Thans valt de gehele tegemoetkoming van het Schadefonds onder een algemene bepaling in de Participatiewet[1] die de gemeenten de bevoegd- en verantwoordelijkheid geeft om de tegemoetkoming van het Schadefonds uit te zonderen van de middelentoets “voor zover deze naar het oordeel van het college uit een oogpunt van bijstandsverlening verantwoord is”. Om te bereiken dat bij de middelentoets in de Participatiewet uniform met de tegemoetkoming wordt omgegaan is aan artikel 7 van de Regeling Participatiewet, IOAW en IOAZ de tegemoetkoming van het Schadefonds toegevoegd. Op de vrijlating van deze tegemoetkoming wordt evenwel één uitzondering gemaakt voor de specifieke uitkering voor “derving levensonderhoud” aan nabestaanden; deze wordt niet op grond van de genoemde Regeling (en dus niet centraal) vrijgelaten. De DLO-uitkering heeft namelijk het expliciete oogmerk tegemoet te komen in de schade die door derving van het levensonderhoud wordt geleden en om de gebruikelijke levensstandaard nog enige tijd voort te zetten. De DLO-uitkering wordt in voorkomende gevallen altijd apart op de beschikking van het Schadefonds genoemd en gespecificeerd.

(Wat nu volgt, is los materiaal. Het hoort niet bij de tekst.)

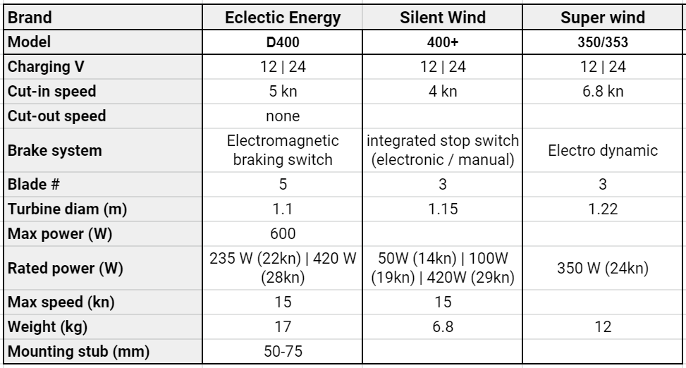 Wind generators were a must-have a decade ago for long range boats, especially the ones sailing in high latitude areas. Many would complain of the noise or vibrations, but most would agree that night and day production made it a useful complement to solar and hydro generation. We’ve had a d400 for over 10 years, and it did induce some significant nuisance after it was damaged by a hasty reefing. Since its replacement, we can’t complain about any noise or vibration. The use case for a wind turbine would be “extended off-the-grid mooring (or anchorage of course) in windy and mainly overcast location”, and we’ll run it in our energy model.

Voor wat betreft de specifieke DLO-uitkering blijft het - conform het bepaalde in artikel 31, tweede lid, onderdeel m, van de Participatiewet - ter beoordeling van het college om in individuele gevallen te bepalen of het uit een oogpunt van bijstandsverlening verantwoord wordt geacht om de eenmalige DLO-uitkering al dan niet tot de middelen te rekenen. Hierdoor blijft op dit punt in individuele gevallen maatwerk mogelijk.

De aanpassing van de Regeling Participatiewet, IOAW en IOAZ alsmede de toelichting daarop is op 25 mei 2020 in de Staatscourant geplaatst en vindt u hier.

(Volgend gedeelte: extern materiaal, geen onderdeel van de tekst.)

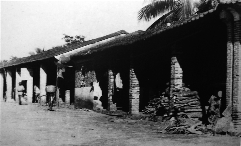 重游琼海市嘉积镇椰子寨战斗遗址,曲尺形的骑楼老街并不长,却十分安静整洁。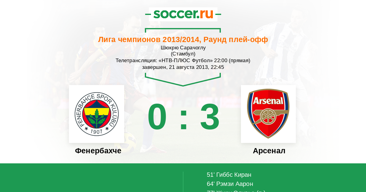Протокол матча Фенербахче против Арсенал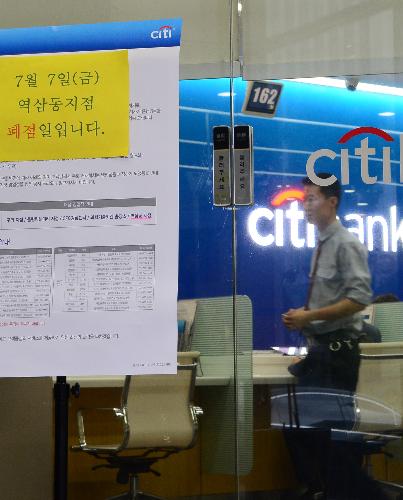 한국씨티은행이 11일 제주, 경남 등 11개 지역 영업점의 폐점 계획을 철회했다. 사진은 지난 7일 문닫은 서울 역삼동 지점사진/뉴시스

[1] Artikel 31, tweede lid, onderdeel m, van de Participatiewet

6. Wetsvoorstel “schrappen uitzondering zorgbehoefte bloedverwanten in de 2e graad”

Op 2 juni 2020 is het wetsvoorstel “Wijziging van de Participatiewet en enige andere wetten in verband met het opheffen van discriminatoir onderscheid tussen bloedverwanten in de tweede graad en anderen die een gezamenlijke huishouding voeren waarbij sprake is van zorgbehoefte” door de Eerste Kamer verworpen. Wat dit betekent voor de uitvoeringspraktijk, wordt hieronder toegelicht.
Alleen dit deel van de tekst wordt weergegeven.